HPC is becoming increasingly critical to how organizations of all sizes innovate and compete. Many organizations lack the in-house expertise to configure, build and deploy an HPC system without losing focus on their core science, engineering and analytic missions. As an example, according to the National Center for Manufacturing Sciences, 98 percent of all products will be designed digitally by 2020, yet 95 percent of the center’s 300,000 manufacturing companies have little or no HPC expertise.

“HPC is no longer a tool only for the most sophisticated researchers. We’re taking what we’ve learned from working with some of the most advanced, sophisticated universities and research institutions and customizing that for delivery to mainstream enterprises,” said Jim Ganthier, vice president and general manager, Engineered Solutions and Cloud, Dell. “As the leading provider of systems in this space, Dell continues to break down barriers and democratize HPC. We’re seeing customers in even more industry verticals embrace its power.”

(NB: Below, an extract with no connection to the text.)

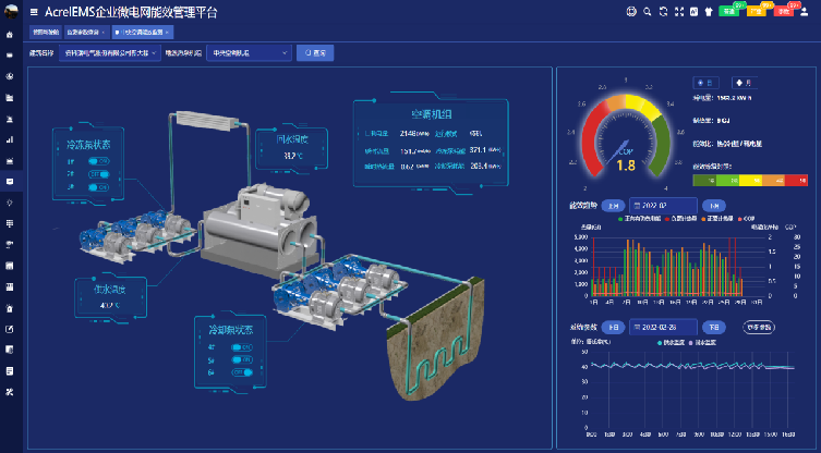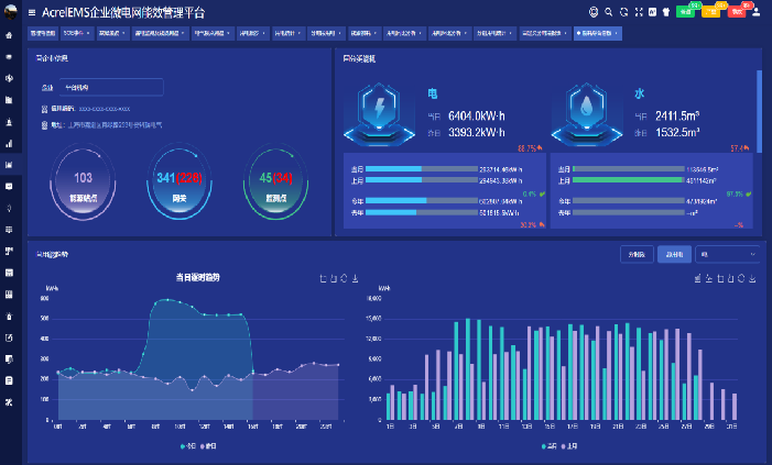 采集医院用电、用水、燃气、冷热量、医疗气体消耗量,同环比对比分析,能耗总量和能耗强度计算,标煤计算和CO2排放统计趋势。

Accelerating Mainstream Adoption

Dell HPC System Portfolio, a family of HPC and data analytics solutions, combines the flexibility of custom systems with the simplicity, reliability and value of a preconfigured, factory-built system that includes:

  • Simplified design, configuration, and ordering in a matter of hours instead of weeks;
  • Domain-specific design that’s designed and tuned by Dell engineers and domain experts for specific science, engineering and analytics workloads using flexible industry-standard building blocks; and,
  • Fully tested and validated systems by Dell engineering with a single point of hardware support and a wide range of additional service options.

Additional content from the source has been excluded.